Let's see the magic of autolog!

In [None]:
# Enable automatic logging for scikit-learn
mlflow.sklearn.autolog()

print("✅ Automatic logging enabled for scikit-learn!")
print("   MLflow will now automatically log:")
print("   - All hyperparameters")
print("   - Training metrics")
print("   - Model artifacts")
print("   - Feature importance plots (when available)")
print("   - And much more!")

In [None]:
# Train models with automatic logging - no manual logging needed!
with mlflow.start_run(run_name="autolog-random-forest") as run:
    # Just your regular ML code - MLflow automatically logs everything!
    model = RandomForestClassifier(
        n_estimators=100, 
        max_depth=10, 
        min_samples_split=5,
        random_state=42
    )
    
    # This single line triggers automatic logging of everything!
    model.fit(X_train, y_train)
    
    # Make predictions (also automatically logged)
    y_pred = model.predict(X_test)
    
    print(f"✅ Random Forest trained with automatic logging!")
    print(f"   Check the MLflow UI to see all the automatically logged information!")
    print(f"   Run ID: {run.info.run_id}")

In [None]:
# Compare with Logistic Regression using autolog
with mlflow.start_run(run_name="autolog-logistic-regression") as run:
    # Different algorithm, same automatic logging magic!
    model = LogisticRegression(
        C=1.0,
        solver='liblinear',
        random_state=42,
        max_iter=1000
    )
    
    model.fit(X_train, y_train)
    y_pred = model.predict(X_test)
    
    print(f"✅ Logistic Regression trained with automatic logging!")
    print(f"   Run ID: {run.info.run_id}")

In [None]:
# You can still add manual logging on top of automatic logging
with mlflow.start_run(run_name="autolog-plus-manual") as run:
    # Automatic logging handles the basics
    model = RandomForestClassifier(n_estimators=150, random_state=42)
    model.fit(X_train, y_train)
    
    # Add your custom tags and metrics
    mlflow.set_tags({
        "custom_experiment": "autolog_demo",
        "notes": "Combining autolog with manual logging"
    })
    
    # Add custom metrics
    y_pred = model.predict(X_test)
    custom_score = accuracy_score(y_test, y_pred) * 100  # Percentage
    mlflow.log_metric("accuracy_percentage", custom_score)
    
    print(f"✅ Combined automatic + manual logging completed!")
    print(f"   Automatic: All sklearn parameters, metrics, and model")
    print(f"   Manual: Custom tags and percentage accuracy")

**🔍 Verification Step:**
1. Go to your MLflow UI and compare the autolog runs with manual logging runs
2. Notice how autolog captured many more parameters automatically
3. Check if feature importance plots were automatically generated
4. Compare the amount of information captured with minimal code

---

# 🎯 Workshop Summary and Best Practices

Congratulations!
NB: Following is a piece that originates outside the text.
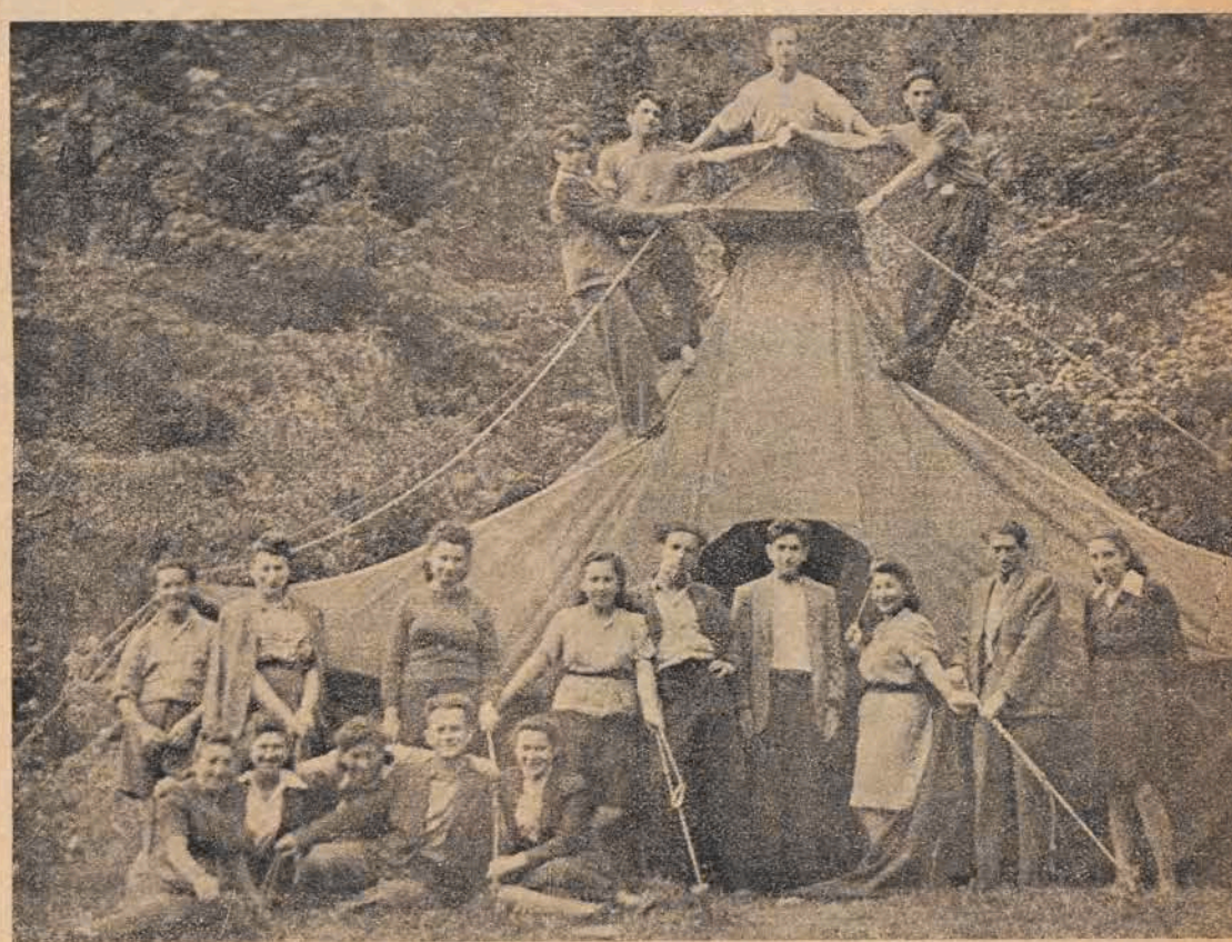
יידישע יוגנטלעכע: קוילנרגעבער, וועבער, סטודענטן, מעטאָליסטן א.א. אין אַפּרוֹהוּז פון דער יוגנט־אַפּטיילונג ביים צ.ק. פון יידן אין פּוילן, אין בעלאָווע

מיר פאָרן ווייטער אין דער ריכטונג צום אַפּרוֹהוּז אין בעלאָווע. ווידעראמאָל שמאַלע, געשלענלעכע וועגן, דאָס פּערד שלעפּט אונזער

You've successfully practiced all core MLflow constructs.

## 🔗 Useful Resources

- **MLflow Documentation**: https://mlflow.org/docs/latest/
- **MLflow Tracking**: https://mlflow.org/docs/latest/tracking.html
- **MLflow Models**: https://mlflow.org/docs/latest/models.html
- **MLflow Model Registry**: https://mlflow.org/docs/latest/model-registry.html
- **Automatic Logging**: https://mlflow.org/docs/latest/tracking.html#automatic-logging

## 🎓 Workshop Complete!

You have successfully completed the MLflow fundamentals hands-on workshop! You now have practical experience with all core MLflow concepts and are ready to apply them to your machine learning projects.

**Remember**: The key to mastering MLflow is consistent practice. Start incorporating these constructs into your daily ML workflow, and you'll soon see the benefits of organized, reproducible, and collaborative machine learning experiments.